Sunday, April 02, 2017

159. Jesse James Meets Frankenstein's Daughter

159. Jesse James Meets Frankenstein’s Daughter (1966)
Director: William Beaudine
Writer: Carl K. Hittleman
From: Chilling
Watch: archive.org
Outlaw Jesse James, while seeking out a doctor to remove a bullet from his friend, winds up at the castle of Dr. Maria Frankenstein who is obsessed with continuing her grandfather’s work.
I was going to write this up highlighting how it was being posted on April Fools’ Day, but that the joke was on me since watching movies like this was my life. Then I couldn’t even find the time to write this up because I was too busy grading student papers—the thing that actually is my life. So I put a placeholder post here naming and linking to the movie in case any of you visit regularly looking for these things, and it got more hits than my fully-composed posts.

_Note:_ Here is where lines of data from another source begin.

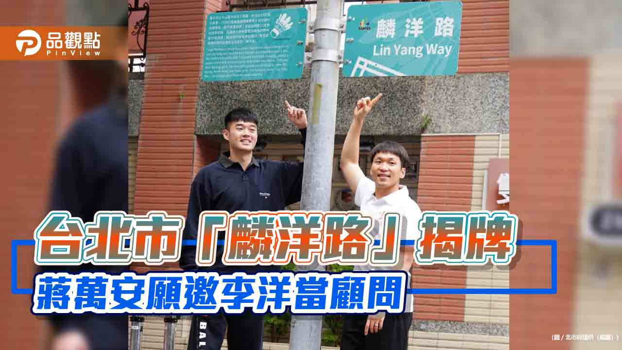 為紀念奧運羽球國手李洋、王齊麟二度奪冠,台北市政府將二名選手國中母校門口的復興北路361巷,增設別名為「麟洋路」,今(17)日舉行揭牌儀式,台北市長蔣萬安表示,未來非常歡迎邀請李洋擔任市府的顧問,在未來設計興建國陳羽球場館時,邀請各位習球選手、教練來給予建議。
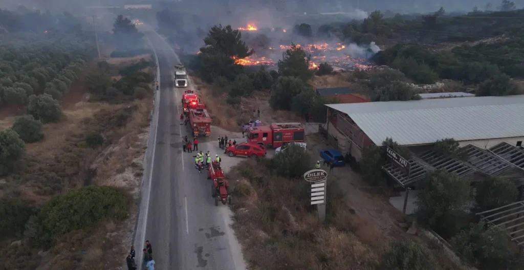 Yangın, Ildır Mahallesi’nde henüz belirlenemeyen bir nedenle başladı. Rüzgarın etkisiyle kısa sürede yayılan yangın, ormanlık alanlara sıçradı. İhbar üzerine bölgeye İzmir Orman Bölge Müdürlüğü ekipleri sevk edildi.
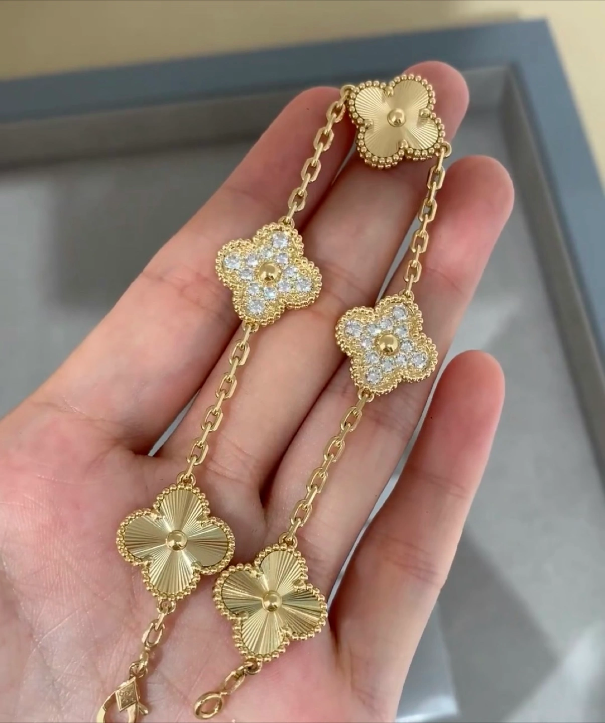 Gorgeous gold filled bracelet. Features iconic clover design. Diamonds accent some clover designs. Elegant and luxurious. Box available for $30 with bag too
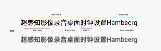 在不同设备的应用场景下,字体的灰度会影响在弱光环境、小字号、远距离下的识别性。因此我们优化字体的灰度,让新字体在不同场景下具有更好的识别性和阅读体验。
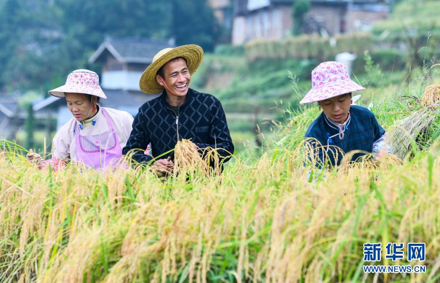贵州省从江县加榜乡加车村的农民在收割水稻(2020年9月19日摄)。新华社记者 杨文斌 摄

Y’all… I mean… C’mon… Am I watching films like Jesse James Meets Frankenstein’s Daughter for nothing? Well, in literal terms, yes because there are no ads associated with this and it’s completely divorced from my paying work, but… Look, this is a passive-aggressive way to pressure you into sharing these posts with your friends, alright?

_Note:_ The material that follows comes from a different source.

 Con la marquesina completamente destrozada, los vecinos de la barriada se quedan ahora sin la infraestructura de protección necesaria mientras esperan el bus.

Not that “nothing” isn’t an appropriate summary of the film.

In brief, Dr. Maria Frankenstein, granddaughter of the famed Frankenstein, has fled to Mexico with her brother Rudolph to continue their grandfather’s experiments. Meanwhile, Jesse James gets caught in a frame-up with his partner Hank, leaving Hank shot. Jaunita, a woman from the village the Frankensteins have been doing their experiments in, agrees to lead Jesse and Hank to the Doctors for help. Maria decides to use Hank as her final test subject, succeeds, but at the last minute, of course, Hank turns on his creator and then is killed by Juanita. Jesse leaves with the Marshal that’s been hunting him, presumably to hang for his crimes. THE END

Now, I said, “in brief,” but that’s a lie because that implies I left things out of that description. There is nothing else to tell except a love triangle subplot between Juanita, Jesse, and Maria. There’s nothing here, not even padding. I mean, I’d previously described Hell on Wheels as “Padding: The Motion Picture,” so it’d be a fitting double-feature with this, Exposition: The Motion Picture.

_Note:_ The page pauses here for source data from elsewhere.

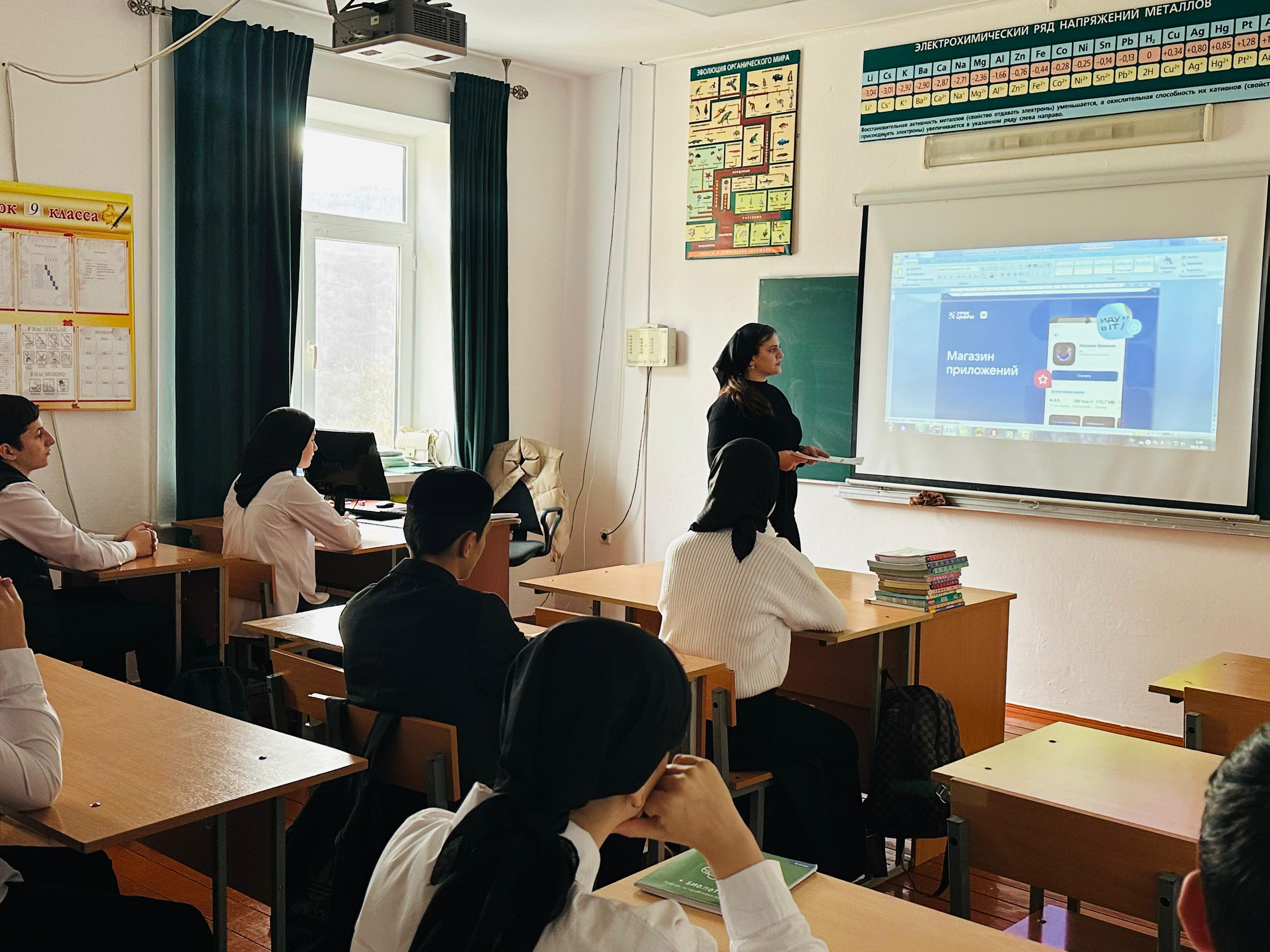 Обучающиеся МБОУ «СОШ с. Булгат-Ирзу им. Х. А. Арзамиева» принимают активное участие в уроке цифры по теме «Магазин приложений». Уроки проходят в формате игры, где ученики выступают в роли владельцев магазина приложений и управляют им. Ребята решают задачи, связанные с разработкой, продвижением и популярностью магазина, и изучают профессиональные роли сотрудников IT-отдела. Всё происходит в вымышленном мире, где участники урока выполняют задания и принимают решения, влияющие на успех их виртуального бизнеса. Они управляют доходами и расходами, решают маркетинговые вопросы и занимаются рекламой, учитывая потребности целевой аудитории.
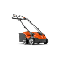 The Husqvarna S 138i is a lightweight, battery-powered scarifier designed for efficient lawn care. It features an intuitive keypad for easy handling, an ergonomic handlebar for comfortable operation, and a dual battery slot for extended use. Ideal for homeowners seeking a powerful solution to remove thatch and moss, this compact machine also includes a dust blocker bag to keep the workspace clean and minimizes carbon emissions during use, making it an environmentally friendly choice.
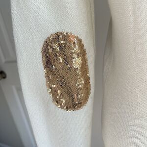 BANANA REPUBLIC Women’s Cream Sequined Elbow Patch Crewneck Sweater - Size M
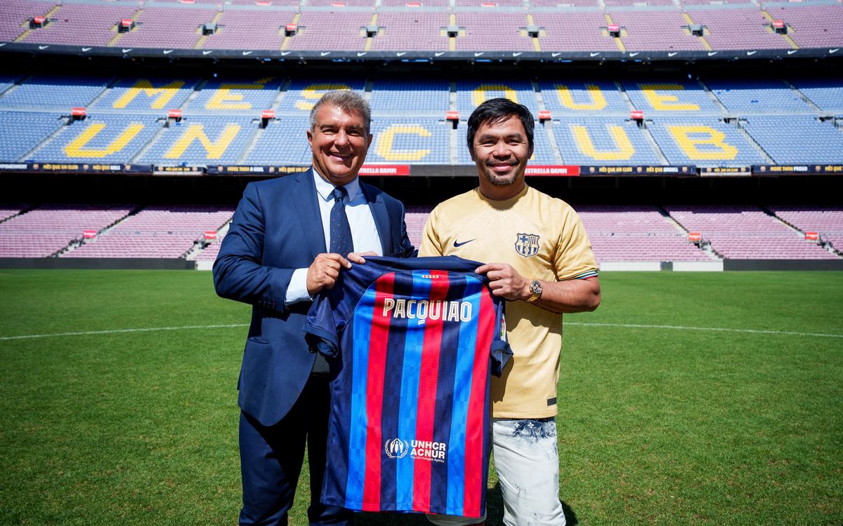 Laporta presented the boxer with personalised home and away shirts in the brand new design, to which Pacquiao responded by saying “it is an honour to be here and to visit this big stadium in Barcelona, to meet the president and the club members, and I am very grateful for the welcome I have received.”

We open on Juanita and her family discussing leaving the town now that all the children have died due to plague. Then we cut to the Frankensteins having a failed experiment and explaining how they’ve killed every child in the village and blamed it on a plague. Then we meet Jesse James and Hank, establishing their partnership and what’s happened to the rest of the James gang. From there, we meet another gang that’s called Jesse and Hank in for help and hear the story of the James gang again. And on and on and on. You could cut this into a tight, entertaining 30-minute piece a la Sandra Bernhard’s Reel Wild Cinema, but this verges on 90.

This could be an entertaining short film, by the way. It’s competently filmed and acted, the set design is nice if a little cheap, and it hits the beats that it needs to hit. The only thing is, it only hits those beats and it never follows through on giving you want you want from something like this: either the monster rampaging through a space or a mob of villagers swarming forth to take their revenge.

It’s hard to even get behind a hero in this movie since the primary characters are Jesse James and Maria Frankenstein. One’s a murderous outlaw, the other is actively trying to take over the world. Hank and Juanita are the sympathetic characters, but the former gets gutted and the latter is relegated to being both in love with and the love object of the two main male characters.

At heart, though, the movie’s boring. It’s so boring! Nothing happens, repeatedly. So it’s not a recommend, maybe not even as something to riff. The film is so empty that it’s difficult to find anything to make fun of. I watched the version from Elvira’s Movie Macabre, and, while she was able to insert the occasional good gag, I still had to play the movie three times to see all the parts I’d slept through.

On the upside, the movie is in the public domain and I’ve added an MPEG-2 version to archive.org. Maybe it could serve as raw material for an interesting editing project. I’d advise against actually trying to watch it for entertainment, though. If you already did because all I’d posted previously was the link to the video, April Fools.